According to the American Stroke Association, there are over 5.7 million stroke survivors in the United States, of whom nearly 20% suffer from language impairment. Following a stroke, the only treatment currently available for patients with Broca’s aphasia is rehabilitative speech and language therapy. Unfortunately, many patients do not achieve satisfactory functional improvement from rehabilitative therapy alone.

There is considerable evidence that the brain can undergo significant reorganization after an injury such as a stroke by a process termed neuroplasticity, a natural process by which existing neurons and alternate neural pathways in remaining healthy brain tissue assume some of the capabilities previously controlled by the parts of the brain damaged by a stroke. Within hours after a stroke, the brain will begin to recruit existing alternative neural pathways in an attempt to meet functional demands. However, natural gains in speech generally plateau within several months after a stroke, with many stroke survivors achieving only minimal recovery of function. Most patients today do not receive post-stroke rehabilitation beyond an initial period; instead, they must live with and adapt to their disabilities. These disabilities inhibit patients’ ability to communicate effective and negatively impact their quality of life.

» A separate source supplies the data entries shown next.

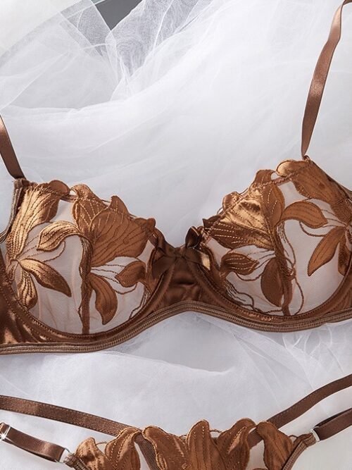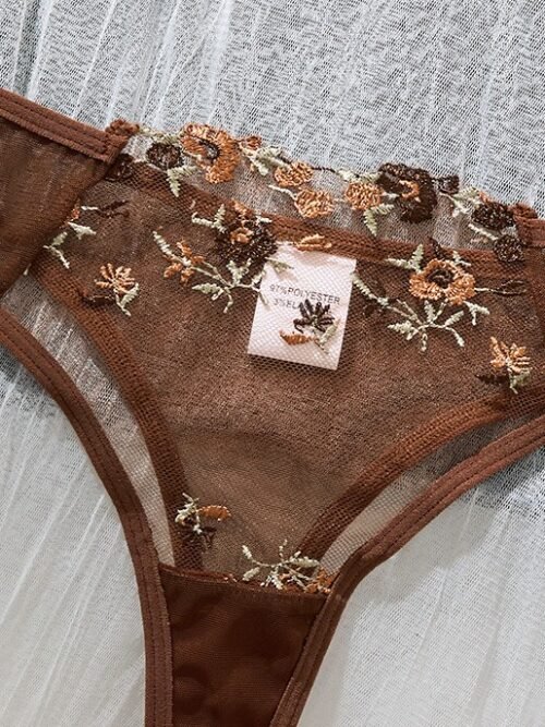 Mocha Bloom Embroidered Lace Lingerie Set – Bra & Thong
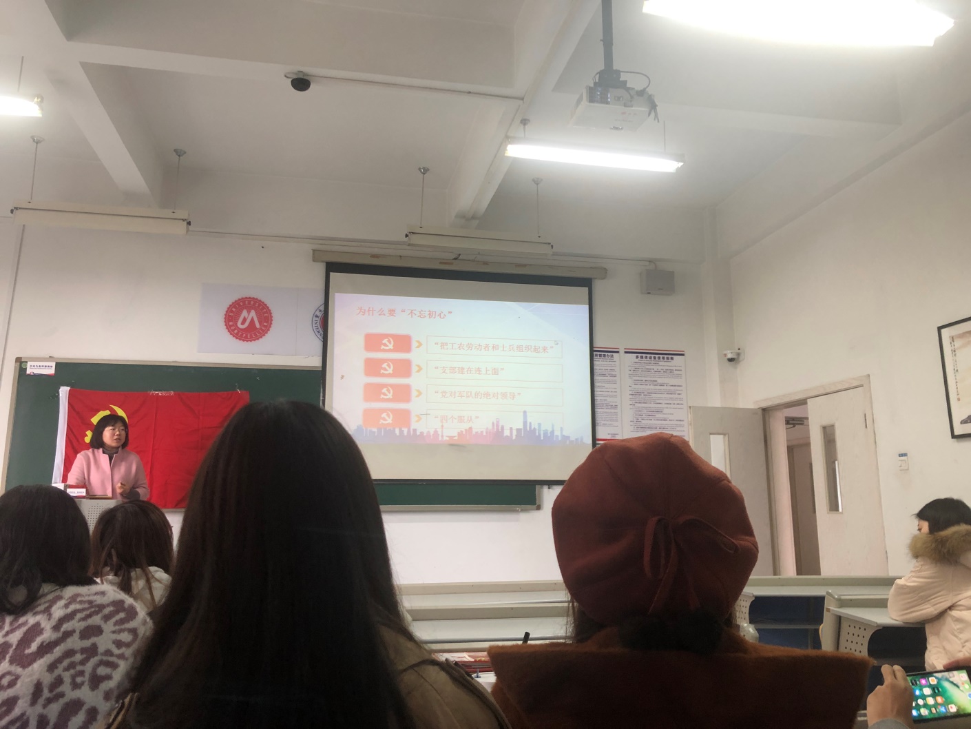 党支部的同学们也轮流朗读了《用新时代中国特色社会主义社会思想武装全党》,例如谭欣雨同学朗读到:我们党是高度重视理论建设和理论指导的党,强调理论必须同实践相统一.我们坚持和发展中国特色社会主义,必须高度重视理论的作用,增强理论自信和战略定力.在新的时代条件下,我们要进行伟大斗争、建设伟大工程、推进伟大事业、实现伟大梦想,仍然需要保持和发扬马克思主义政党与时俱进的理论品格,勇于推进实践基础上的理论创新.时代是思想之母,实践是理论之源.我们要在迅速变化的时代中赢得主动,要在新的伟大斗争中赢得胜利,就要在坚持马克思主义基本原理的基础上,以更宽广的视野更长远的眼光来思考和把握国家未来发展面临的一系列重大战略问题,在理论上不断拓展新视野、作出新概括。
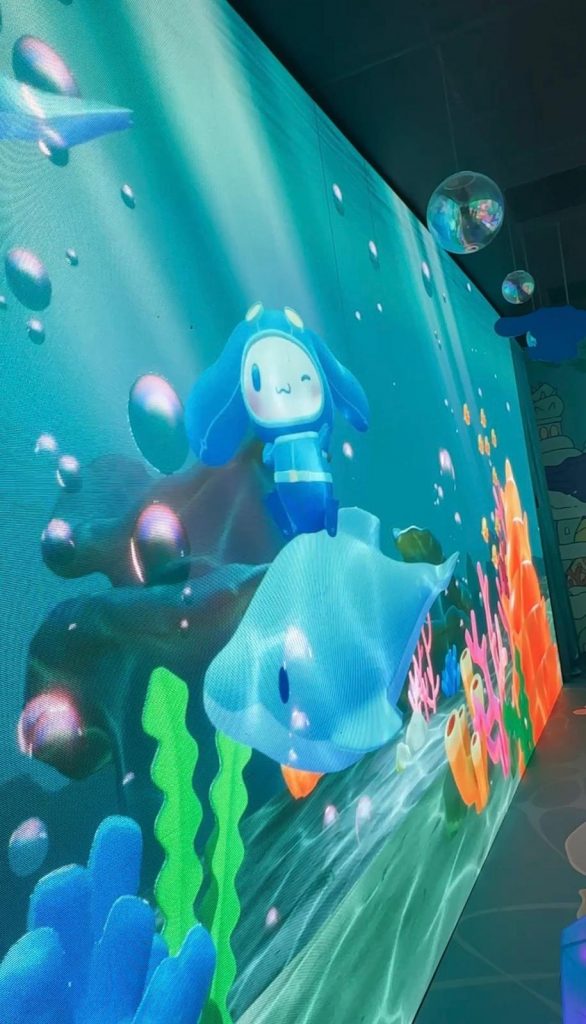 海濱樂園「深海夢幻探險」則設有故事互動體驗,小朋友可挑選自己喜歡的Sanrio Characters,為其配備專屬潛水裝備,即可獲得神奇的能量石,展開一場神秘的海底探險。進入水底光影隧道後,可以使用能量石召喚不同的Sanrio Characters動畫,增添互動趣味;隨後小朋友將來到海底城鎮,尋找彩虹珍珠貝,協助海洋王國解決能量危機。整個體驗結合可愛多變的Sanrio Characters以及趣味滿滿的互動裝置,讓參加者能夠全方位投入在這個水底探險之旅。

Northstar Neuroscience has developed the Renova-ST™ Cortical Stimulation System* intended to enhance neuroplasticity and recovery of function in patients who suffer from Broca’s aphasia. Our initial research, the CHESTNUT feasibility study, has shown that cortical stimulation, in conjunction with intensive speech and language therapy, may meaningfully enhance speech and language function beyond natural recovery, even in stroke survivors who receive our cortical stimulation therapy several years after their strokes.**

*Caution: Investigational device. Limited by Federal (or U.S.) law to investigational use.

**The results of this study have not been shared with the FDA and there can be no definitive claims of safety and effectiveness until the FDA has reviewed and approved the labeling for this product.